**Exercise instructions**
Copy task, pictures excluded: set down exactly the lines from the one containing "I also added" to the end of the data below.
::: Supplied information
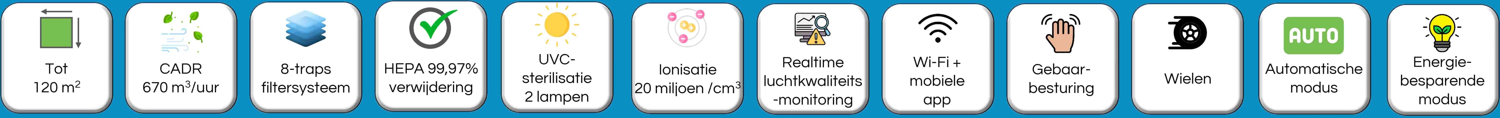 | Extra zuiveringstechnologieën | - UVC-sterilisatie (twee UV-lampen op 254nm) - Ionisatie (20 miljoen stuks/cm3) |
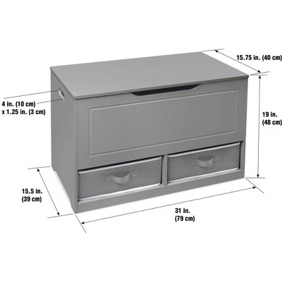 - Unique toy and storage chest and a kid’s bench combined into one versatile unit
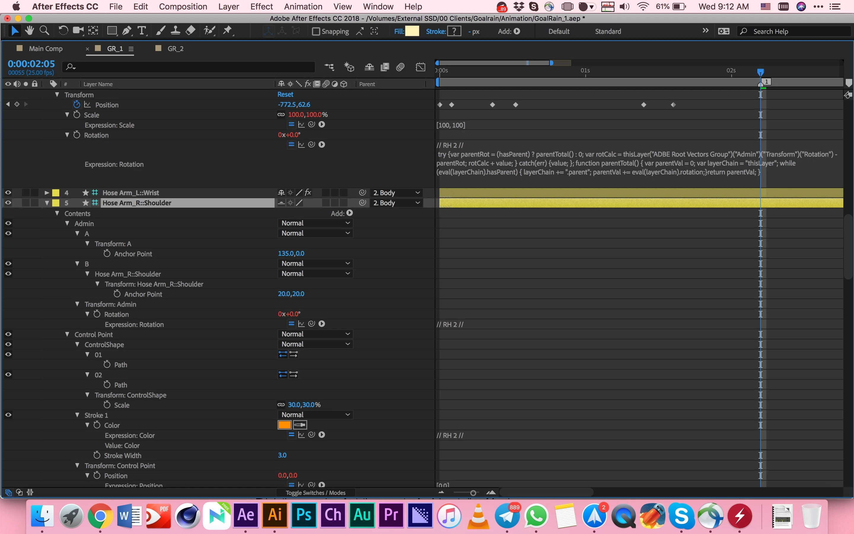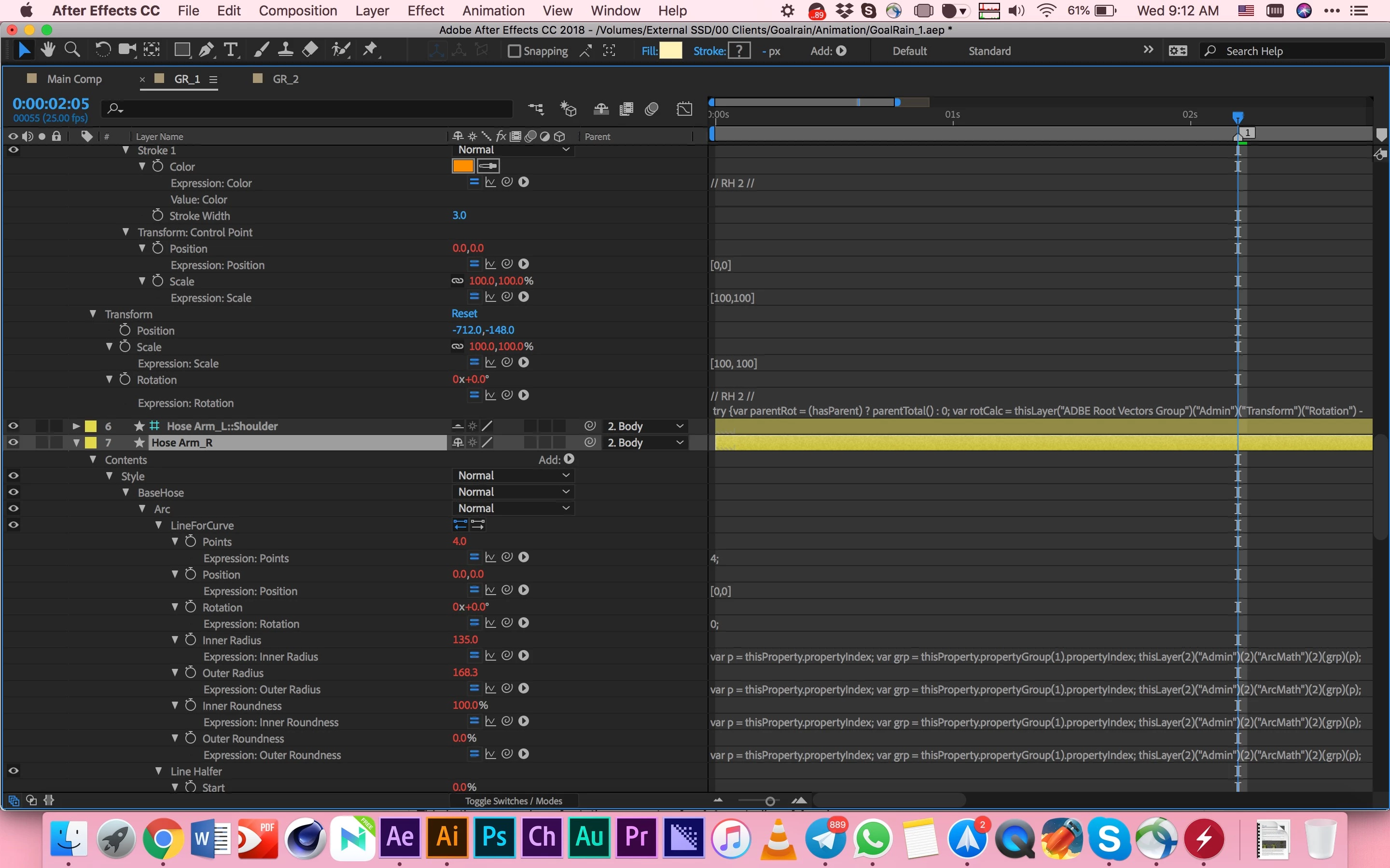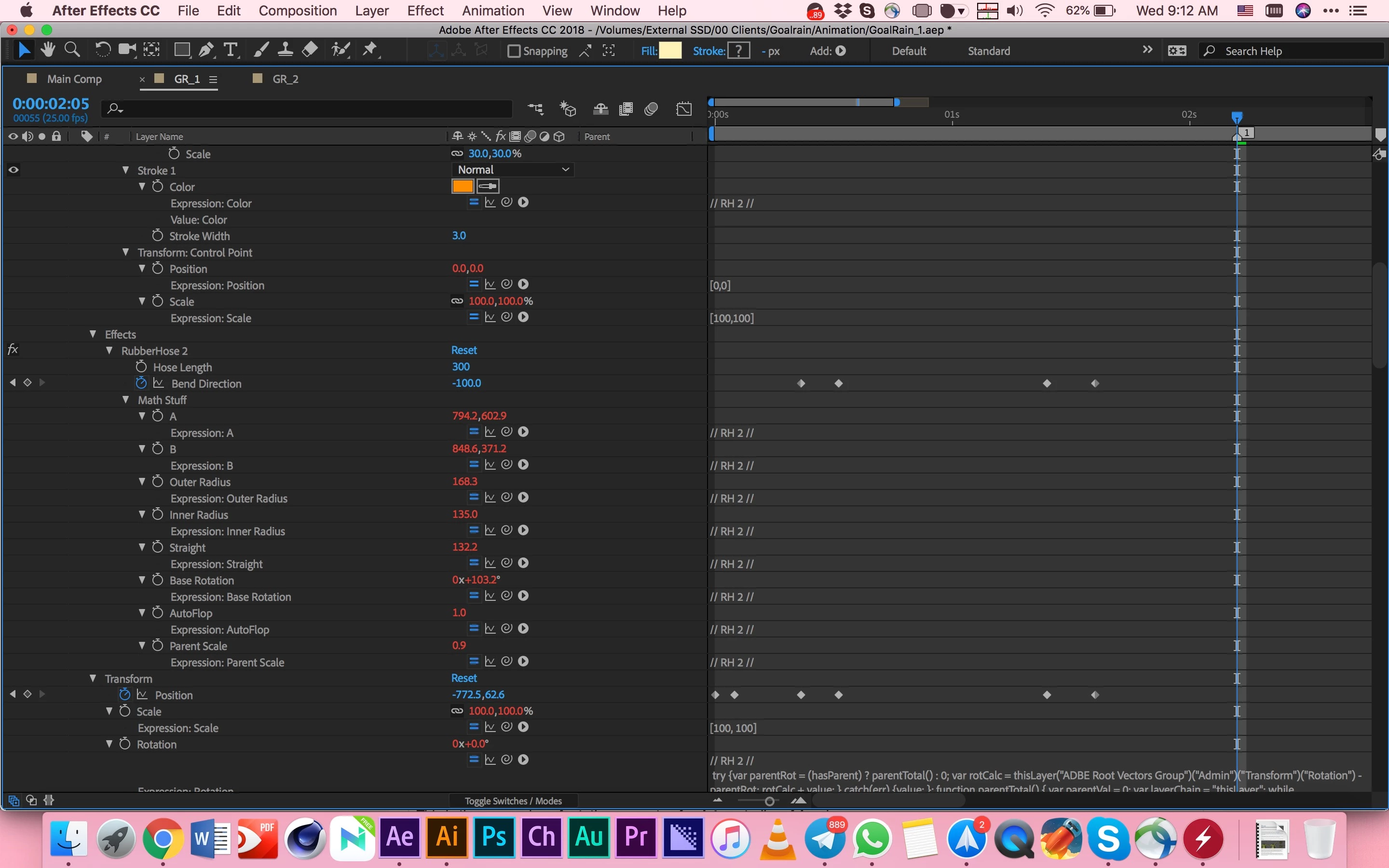 I also added the screenshot of expressions which RubberHose2 have used. I haven't added any expression or edited them on my own.
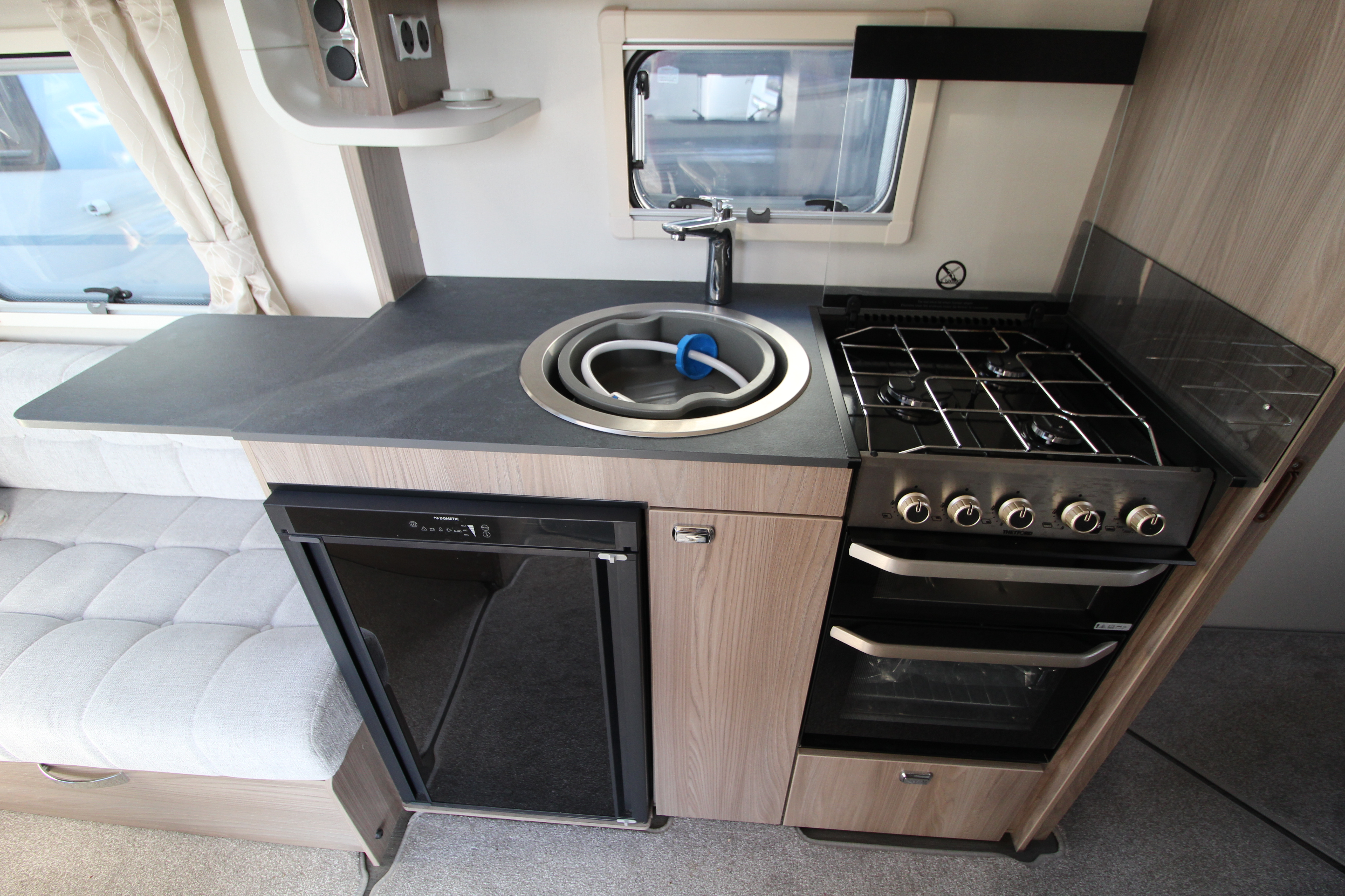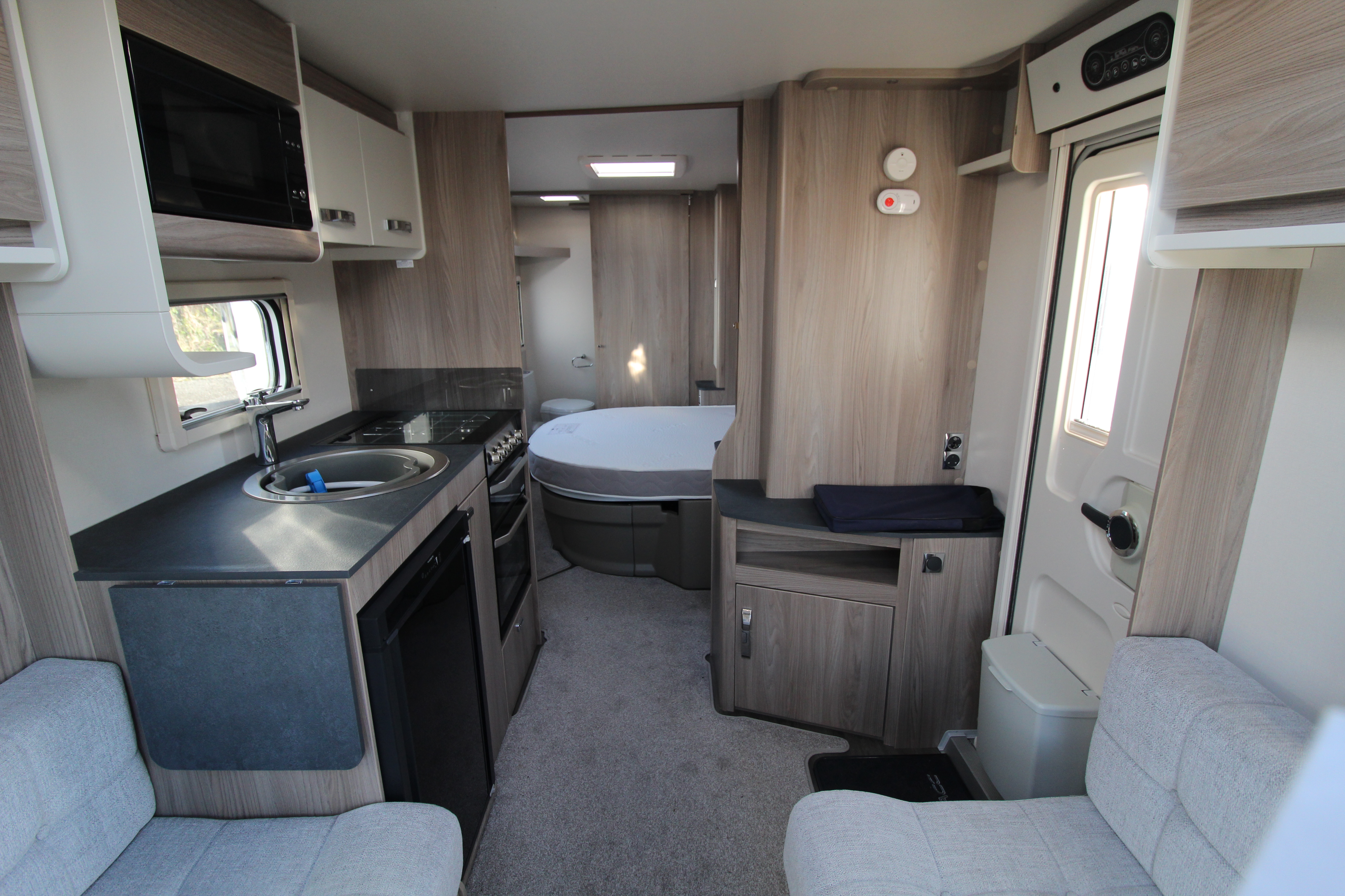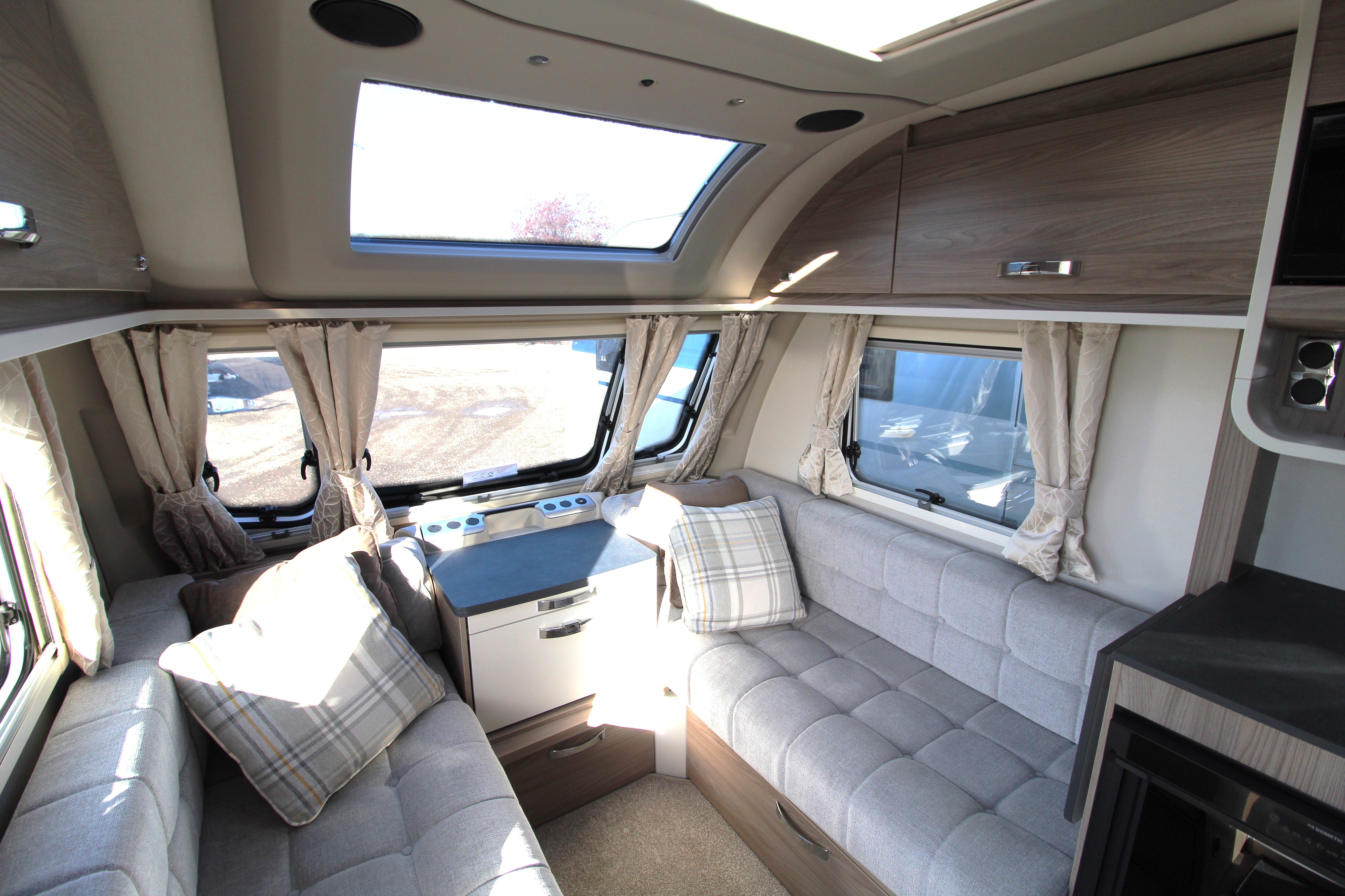 With a light and modern interior, the lounge area presents face to face seating, overhead lockers and centre chest of drawers. The lounge area easily converts to a double bed on an evening as and when required.
::::::
**Expected answer**
 I also added the screenshot of expressions which RubberHose2 have used. I haven't added any expression or edited them on my own.
 With a light and modern interior, the lounge area presents face to face seating, overhead lockers and centre chest of drawers. The lounge area easily converts to a double bed on an evening as and when required.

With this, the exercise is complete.